0002-Fix-bugs.patchapplication/octet-stream; name=0002-Fix-bugs.patchDownload+54-30
0003-Implement-optimizations-based-on-Bitmapset.patchapplication/octet-stream; name=0003-Implement-optimizations-based-on-Bitmapset.patchDownload+329-104
0001-EClass-member-speedup.patchapplication/octet-stream; name=0001-EClass-member-speedup.patchDownload+263-159
figure.pngimage/png; name=figure.pngDownload
query.sqlapplication/octet-stream; name=query.sqlDownload
create-tables.sqlapplication/octet-stream; name=create-tables.sqlDownload
#12David Rowley
dgrowleyml@gmail.com
In reply to: Yuya Watari (#11)
Re: [PoC] Reducing planning time when tables have many partitions

On Mon, 8 Aug 2022 at 23:28, Yuya Watari <watari.yuya@gmail.com> wrote:

If you have already applied David's patch, please start the 'git am'
command from 0002-Fix-bugs.patch. All regression tests passed with
this patch on my environment.

Thanks for fixing those scope bugs.

In regards to the 0002 patch, you have;

+ * TODO: "bms_add_members(ec1->ec_member_indexes, ec2->ec_member_indexes)"
+ * did not work to combine two EquivalenceClasses. This is probably because
+ * the order of the EquivalenceMembers is different from the previous
+ * implementation, which added the ec2's EquivalenceMembers to the end of
+ * the list.

as far as I can see, the reason the code I that wrote caused the
following regression test failure;

-         Index Cond: ((ff = '42'::bigint) AND (ff = '42'::bigint))
+         Index Cond: (ff = '42'::bigint)
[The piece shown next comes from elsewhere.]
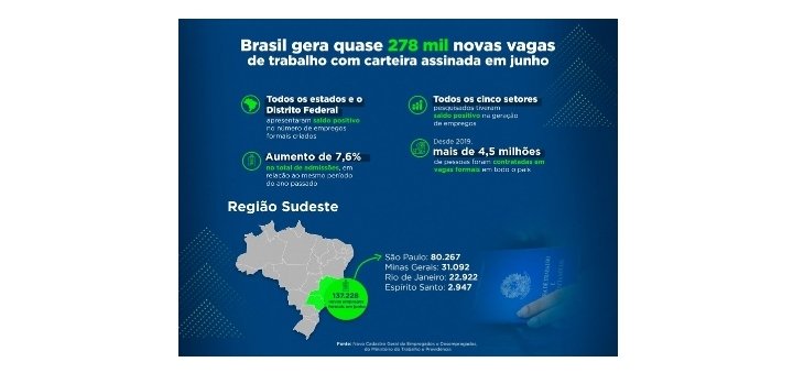 Em junho, o estado de Minas Gerais teve saldo de mais de 31 mil vagas de emprego formais, o segundo maior número do país, ficando atrás apenas de São Paulo com 80,2 mil novos postos. Em todo país, foram abertos mais de 277,9 mil empregos com carteira assinada, segundo dados do Ministério do Trabalho e Previdência.
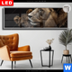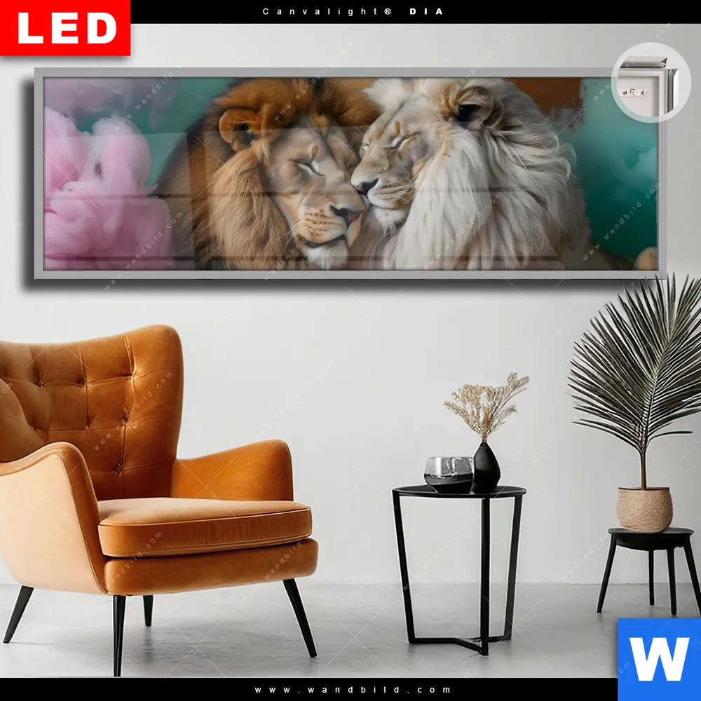 Canvalight® DIA Leuchtbild | Sanfte Löwenmomente in buntem Nebel | Panorama

was down to how generate_base_implied_equalities_const() marks the EC
as ec_broken = true without any regard to cleaning up the work it's
partially already complete.

Because the loop inside generate_base_implied_equalities_const() just
breaks as soon as we're unable to find a valid equality operator for
the two given types, with my version, since the EquivalenceMember's
order has effectively changed, we just discover the EC is broken
before we call process_implied_equality() ->
distribute_restrictinfo_to_rels(). In the code you've added, the
EquivalenceMembers are effectively still in the original order and the
process_implied_equality() -> distribute_restrictinfo_to_rels() gets
done before we discover the broken EC. The same qual is just added
again during generate_base_implied_equalities_broken(), which is why
the plan has a duplicate ff=42.

This is all just down to the order that the ECs are merged. If you'd
just swapped the order of the items in the query's WHERE clause to
become:

where ec1.ff = 42::int8 and ss1.x = ec1.f1 and ec1.ff = ec1.f1;

then my version would keep the duplicate qual. For what you've changed
the code to, the planner would not have produced the duplicate ff=42
qual if you'd written the WHERE clause as follows:

where ss1.x = ec1.f1 and ec1.ff = ec1.f1 and ec1.ff = 42::int8;

In short, I think the code I had for that was fine and it's just the
expected plan that you should be editing. If we wanted to this
behaviour to be consistent then the fix should be to make
generate_base_implied_equalities_const() better at only distributing
the quals down to the relations after it has discovered that the EC is
not broken, or at least cleaning up the partial work that it's done if
it discovers a broken EC. The former seems better to me, but I doubt
that it matters too much as broken ECs should be pretty rare and it
does not seem worth spending too much effort making this work better.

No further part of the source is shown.